"""
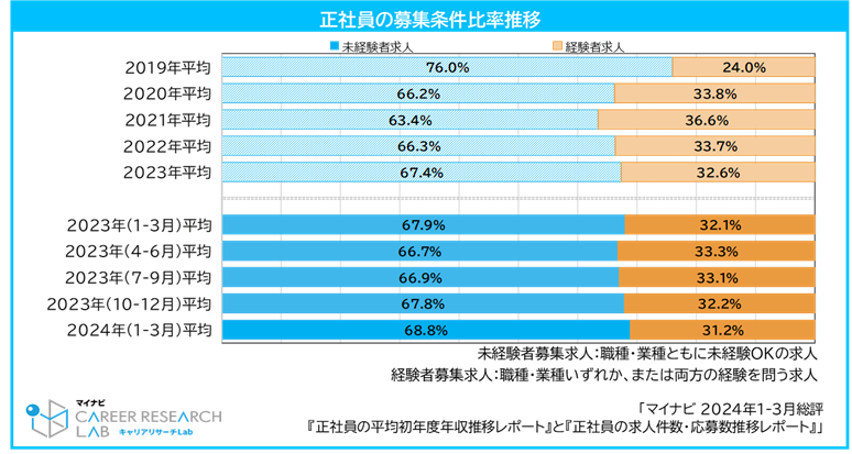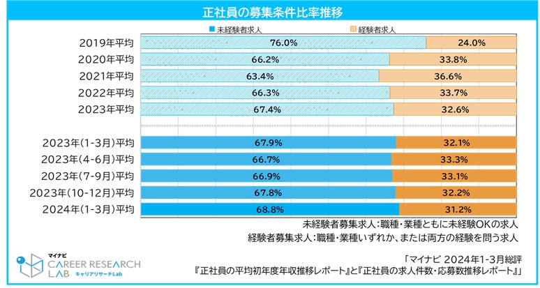 求人の経験者と未経験者の募集比率は、未経験者求人が68.8%、経験者求人が31.2%だった。2023年10-12月平均と比べ、未経験者求人の比率が微増している。【図3】
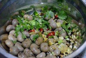 兔腰洗干净,撕掉上面那层薄膜,用料酒,盐,白胡椒粉先腌制一下,葱姜蒜和小米辣切末,香菜切段。
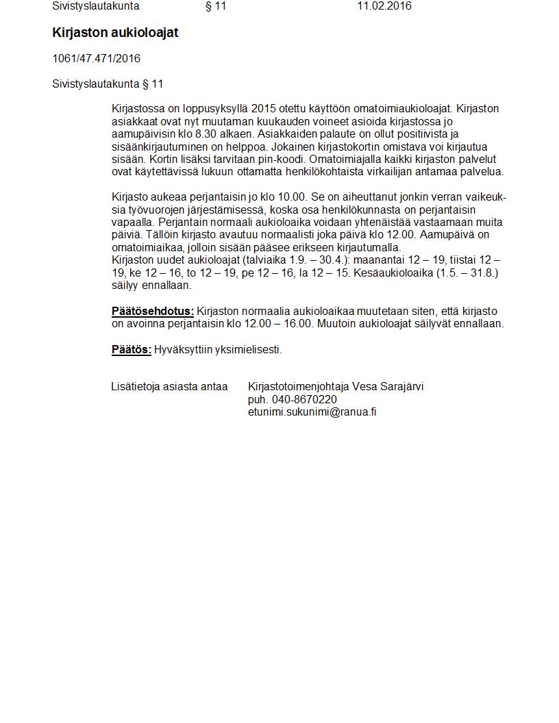 Pöytäkirja 11.02.2016 Pykälä 11
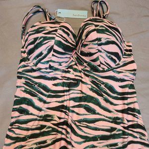 NWT Bloom Birdsong Tankini 38DD Pink and Green Animal Print
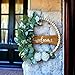 【TOKCARE Eucalyptus Wreath】: handmade eucalyptus wreath, made of high-quality silk flowers and a base wrapped with iron wire. It is matched with lambs ear leaves, small white flowers, willow leaves, boxwood and eucalyptus leaves. It is clearly layered, exquisite and durable. Has a detachable "hello" sign.
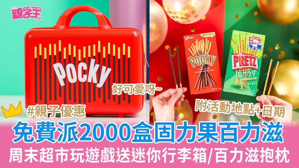 免費派2000盒固力果百力滋 周末超市玩遊戲送Pocky迷你行李箱/百力滋抱枕︳親子優惠
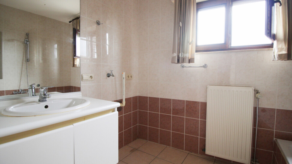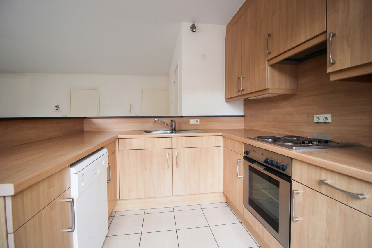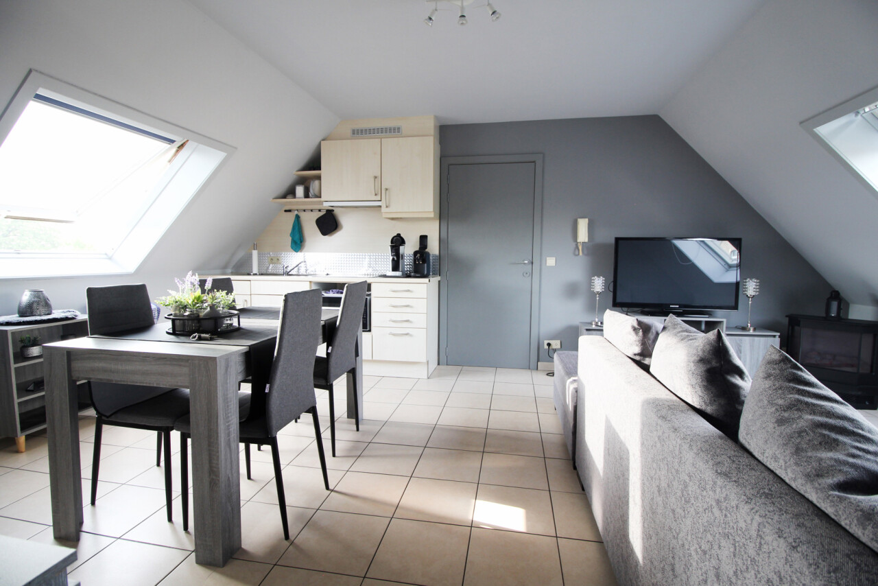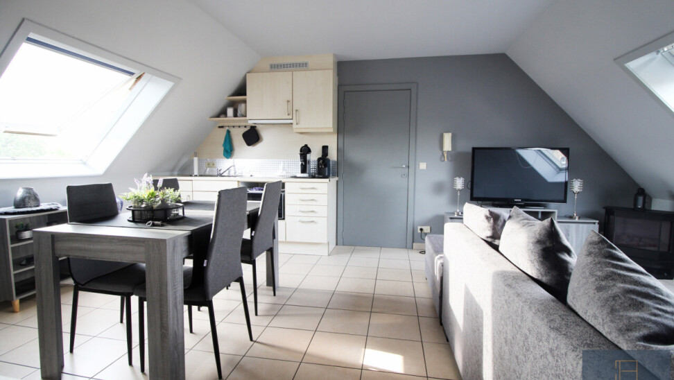 Leefruimte met kitchenette, 1 slaapkamer, badkamer met lavabo, douche en toilet en berging.
"""
Give every line of the listing above again, exactly, with no images.

* _Answer to the problem_:
 求人の経験者と未経験者の募集比率は、未経験者求人が68.8%、経験者求人が31.2%だった。2023年10-12月平均と比べ、未経験者求人の比率が微増している。【図3】
 兔腰洗干净,撕掉上面那层薄膜,用料酒,盐,白胡椒粉先腌制一下,葱姜蒜和小米辣切末,香菜切段。
 Pöytäkirja 11.02.2016 Pykälä 11
 NWT Bloom Birdsong Tankini 38DD Pink and Green Animal Print
 【TOKCARE Eucalyptus Wreath】: handmade eucalyptus wreath, made of high-quality silk flowers and a base wrapped with iron wire. It is matched with lambs ear leaves, small white flowers, willow leaves, boxwood and eucalyptus leaves. It is clearly layered, exquisite and durable. Has a detachable "hello" sign.
 免費派2000盒固力果百力滋 周末超市玩遊戲送Pocky迷你行李箱/百力滋抱枕︳親子優惠
 Leefruimte met kitchenette, 1 slaapkamer, badkamer met lavabo, douche en toilet en berging.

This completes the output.